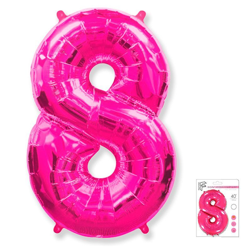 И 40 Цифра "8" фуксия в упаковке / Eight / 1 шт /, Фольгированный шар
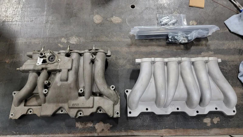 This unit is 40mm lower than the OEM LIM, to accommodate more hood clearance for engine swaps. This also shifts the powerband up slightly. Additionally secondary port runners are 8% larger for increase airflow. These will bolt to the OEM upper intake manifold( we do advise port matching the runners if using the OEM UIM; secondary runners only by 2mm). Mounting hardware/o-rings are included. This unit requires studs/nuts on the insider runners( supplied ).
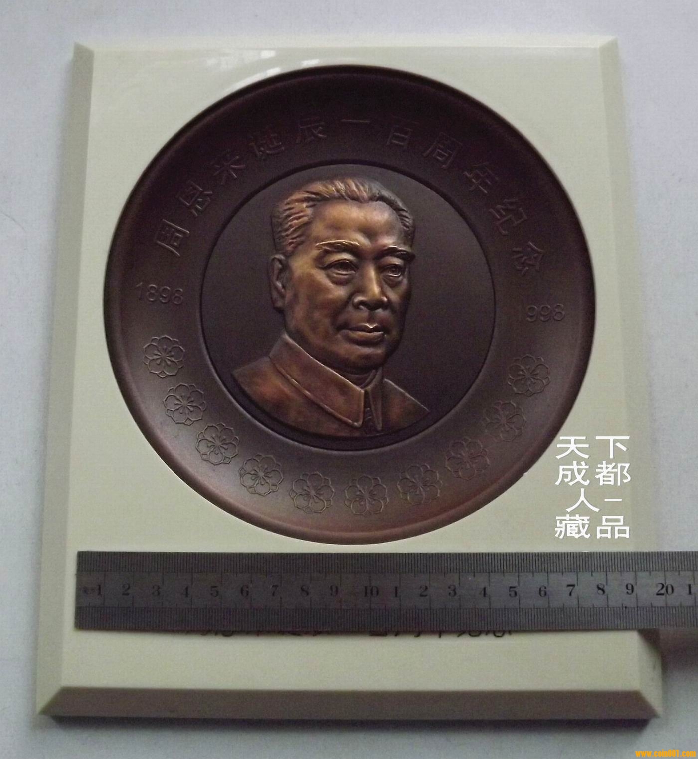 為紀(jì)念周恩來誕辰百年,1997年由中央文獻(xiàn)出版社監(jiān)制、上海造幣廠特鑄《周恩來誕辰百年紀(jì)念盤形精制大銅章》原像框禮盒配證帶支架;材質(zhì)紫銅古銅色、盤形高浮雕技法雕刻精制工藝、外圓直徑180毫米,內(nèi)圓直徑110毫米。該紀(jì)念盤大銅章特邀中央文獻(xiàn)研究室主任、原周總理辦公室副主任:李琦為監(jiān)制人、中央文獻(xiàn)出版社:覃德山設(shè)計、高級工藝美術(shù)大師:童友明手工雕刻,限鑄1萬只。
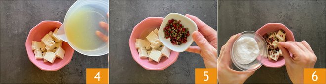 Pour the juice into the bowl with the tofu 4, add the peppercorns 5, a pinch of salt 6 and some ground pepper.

──────────────────────────────

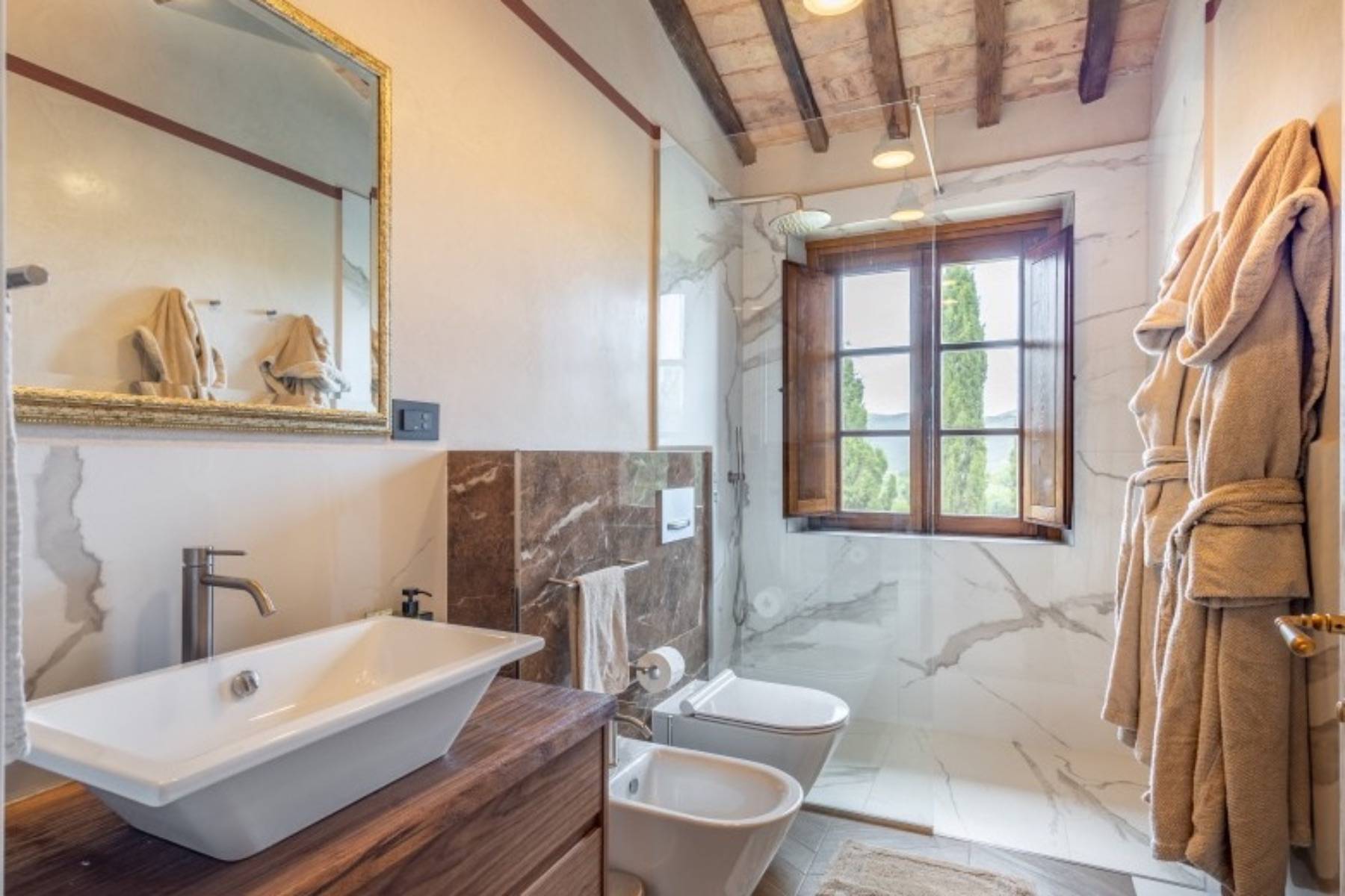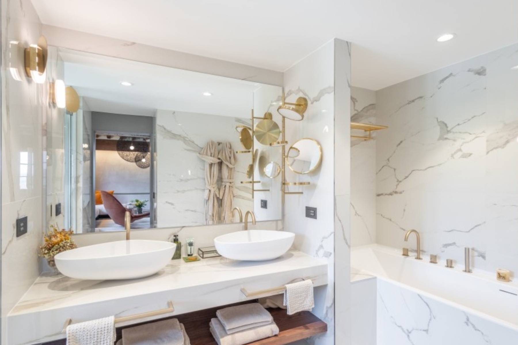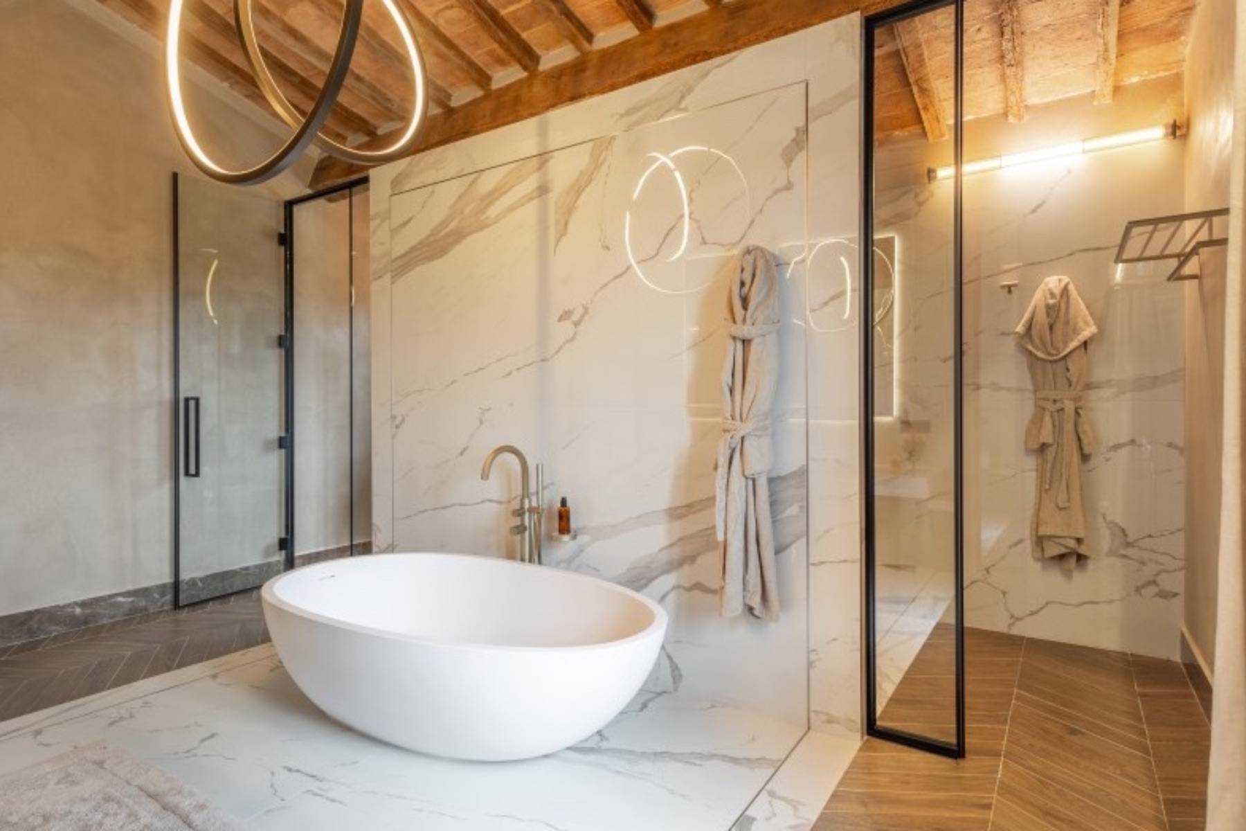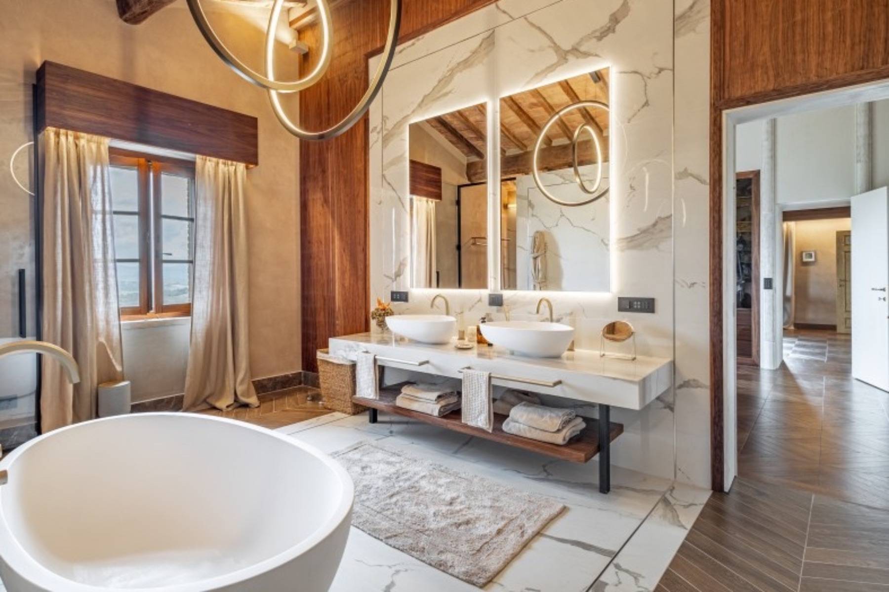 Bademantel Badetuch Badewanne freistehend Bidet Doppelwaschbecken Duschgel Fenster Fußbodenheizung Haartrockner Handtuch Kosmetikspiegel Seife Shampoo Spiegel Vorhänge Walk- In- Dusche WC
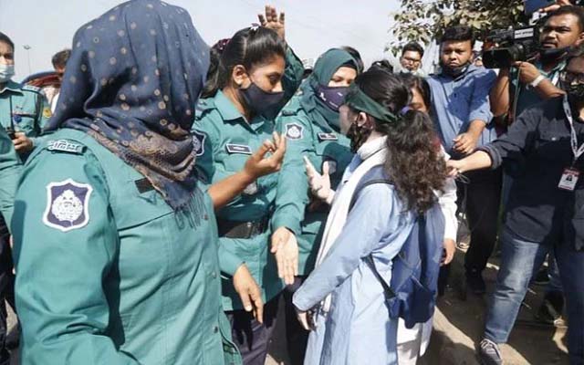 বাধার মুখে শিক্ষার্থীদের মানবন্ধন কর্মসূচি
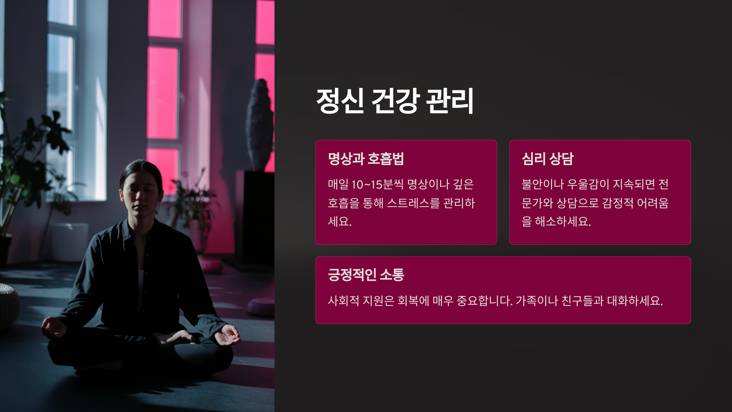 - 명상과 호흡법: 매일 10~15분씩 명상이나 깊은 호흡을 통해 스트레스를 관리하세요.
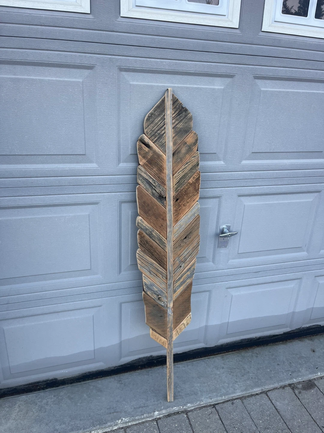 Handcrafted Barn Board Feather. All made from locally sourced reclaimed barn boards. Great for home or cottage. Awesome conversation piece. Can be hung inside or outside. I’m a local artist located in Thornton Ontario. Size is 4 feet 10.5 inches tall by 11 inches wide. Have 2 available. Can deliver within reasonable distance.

──────────────────────────────

TASK GOAL:
A clean copy is needed of the lines above from the one with "為紀(jì)念周恩來誕辰百年" up to and including the one with "Pour the juice". Please set it down exactly, with no pictures.

OUTPUT BELOW:
 為紀(jì)念周恩來誕辰百年,1997年由中央文獻(xiàn)出版社監(jiān)制、上海造幣廠特鑄《周恩來誕辰百年紀(jì)念盤形精制大銅章》原像框禮盒配證帶支架;材質(zhì)紫銅古銅色、盤形高浮雕技法雕刻精制工藝、外圓直徑180毫米,內(nèi)圓直徑110毫米。該紀(jì)念盤大銅章特邀中央文獻(xiàn)研究室主任、原周總理辦公室副主任:李琦為監(jiān)制人、中央文獻(xiàn)出版社:覃德山設(shè)計、高級工藝美術(shù)大師:童友明手工雕刻,限鑄1萬只。
 Pour the juice into the bowl with the tofu 4, add the peppercorns 5, a pinch of salt 6 and some ground pepper.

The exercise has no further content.